I finally have a chance to chime in, and Bradley is exactly right. Marshall.Copy copies the raw data, and apparently your file library does not store that data in a nice, contiguous, manner. While it is highly likely that copying all the data to an array in C# will be faster than the fromiter in Python, I am unsure if copying all the data to an array in C# then copying all the data again to a numpy array will be faster than fromiter (cause you have to copy it twice). The exception is if the file library has a function like ToArray that is optimized to copy the data to a linear chunk of data. So, what type is "Data"?

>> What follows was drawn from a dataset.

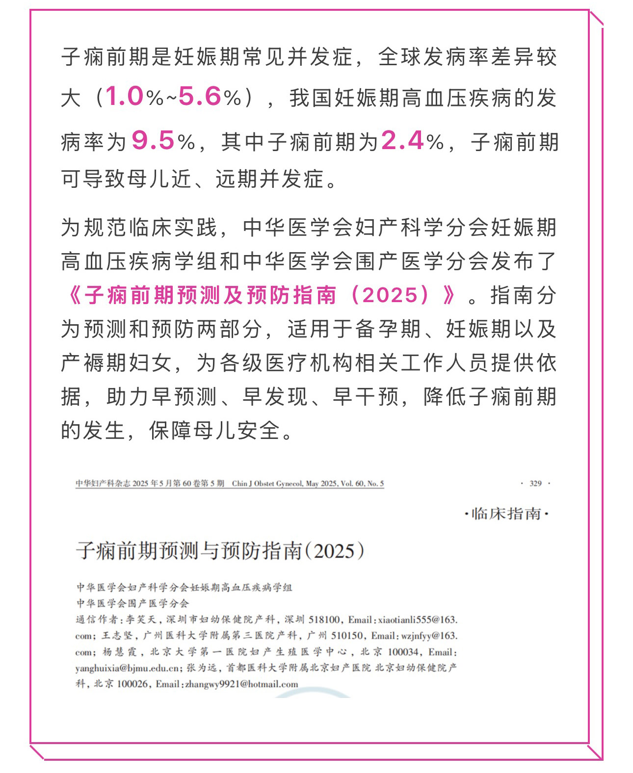 指南速遞|子癇前期預(yù)測及預(yù)防指南(2025)解讀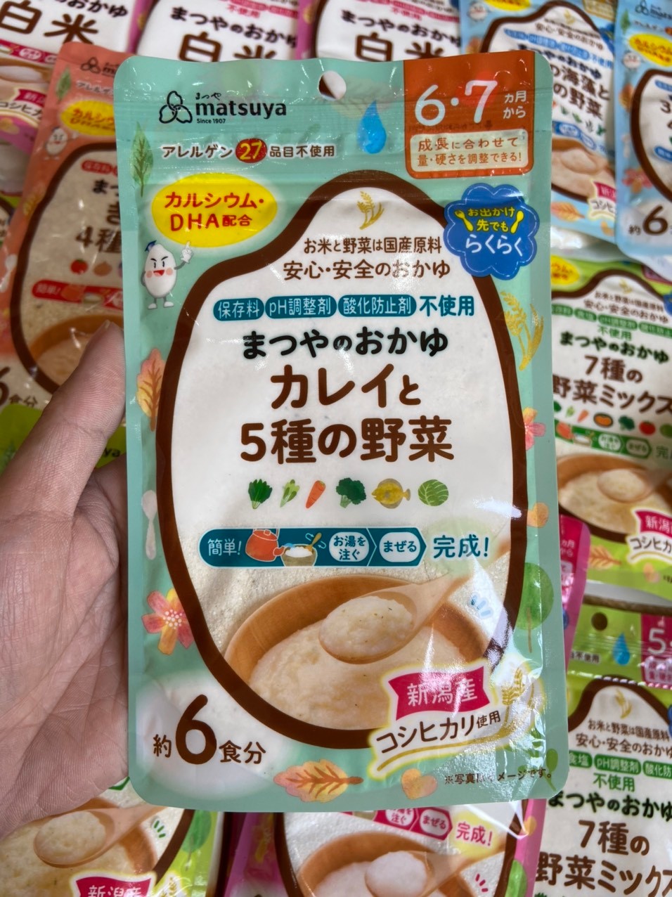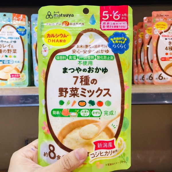 Có 5 loại vị:1. Nâu: Bột Cháo Matsuya Nhật Vị Cá, nấm rau củ (6m+)(42g), ăn được 6 lần2. Xanh dương: Bột Cháo Matsuya Nhật Vị rong biển rau củ (7m+)(42g), ăn được khoảng 6 lần3. Xanh đậm: Bột Cháo Matsuya Nhật Vị cá bơn rau củ (6m+)(42g), ăn được khoảng 6 lần4. Hồng: Bột Cháo Matsuya Vị gạo trắng DHA (5m+)(70g), ăn được khoảng 10 lần5. Xanh lá: Bột Cháo Matsuya Vị mix 7 loại rau củ (5m+)(56g), ăn được khoảng 8 lần

Another factor is how long the chunk of data you are copying is. You say the last axis is only 400 elements long. Check out my code and you will see that at 400 elements long, fromiter is actually the fastest (at least when I tried). An example run:
Copy using for loop in 0.000884 sec
Copy using fromiter in 0.000144 sec # fastest
Copy using fromstring in 0.001460 sec # fairly slow, 10.3x slower than fromiter
Copy using Marshal.Copy in 0.001680 sec # slowest, 11.7x slower than fromiter
I start to do better with Marshal.Copy then fromiter around 5000 elements copied. This is because the overhead of the mass copies is high but adding each element doesn't take much time. fromstring has a lower overhead but slightly longer per-element time (fromstring is better than Marshal.Copy until ~200,000 elements).
So you might be doing as good as you can possibly do. If I knew more about your file format library I might be able to provide more insight.
Jeff